In Vitro Regeneration of Stevia (Stevia rebaudiana Bertoni) and Evaluation of the Impacts of Growth Media Nutrients on the Biosynthesis of Steviol Glycosides (SGs)

A plant tissue culture protocol from stevia was optimized for the production of planting materials and the natural sweetener, rebaudioside A. The highest survivability (88.90% +/- 5.55) of explants was achieved at 15 and 30 days after culture initiation (DACI) on Murashige and Skoog (MS) media by sterilization with 30% Clorox (5 min) and 10% Clorox (10 min), respectively. Supplementation of MS with 0.50 mg/L 2,4-Dichlorophenoxyacetic acid (2,4-D) and 0.10 mg/L zeatin produced 50% callus at 15 DACI while 1.50 mg/L 2,4-D and 0.10 mg/L zeatin at 30 DACI increased callus production to 76.67%. The highest shoot proliferation per callus was achieved with 10.00 mg/L 6-benzyl amino purine (BAP) in MS at 15 DACI (5.80) and 30 DACI (12.33).
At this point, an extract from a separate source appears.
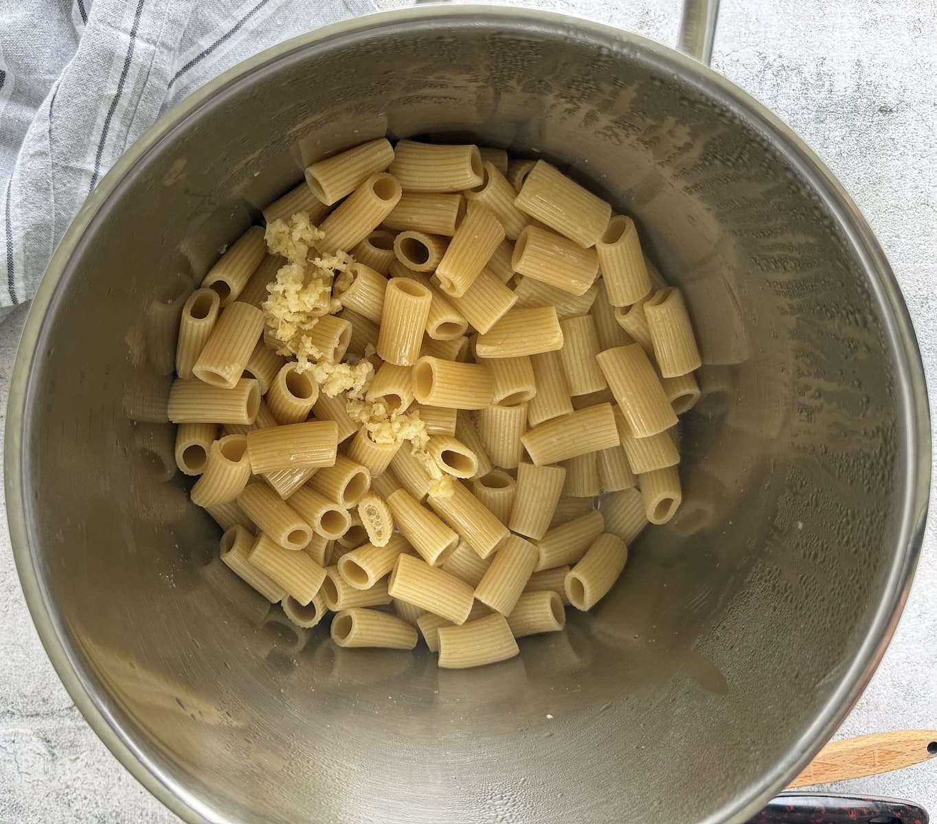 - Add the olive oil and garlic directly to the pot with the pasta. Cook over medium-low heat, stirring constantly, for about 30–60 seconds until the garlic is fragrant.

The longest shoots of 4.31 cm and 6.04 cm at 15 and 30 DACI, respectively, were produced using BAP (10.00 mg/L) and 1.00 mg/L naphthalene acetic acid (NAA). MS media (0.50 strength) induced 2.86 and 6.20 roots per shoot and produced 3.25 cm and 7.82 cm long roots at 15 and 30 DACI, respectively. Stevia grown on 0.25 MS accumulated the highest concentration of rebaudioside A (6.53%), which correlated with the expression level of its biosynthetic gene uridine-diphosphate-dependent (UDP)-glycosyltransferase (UGT76G1).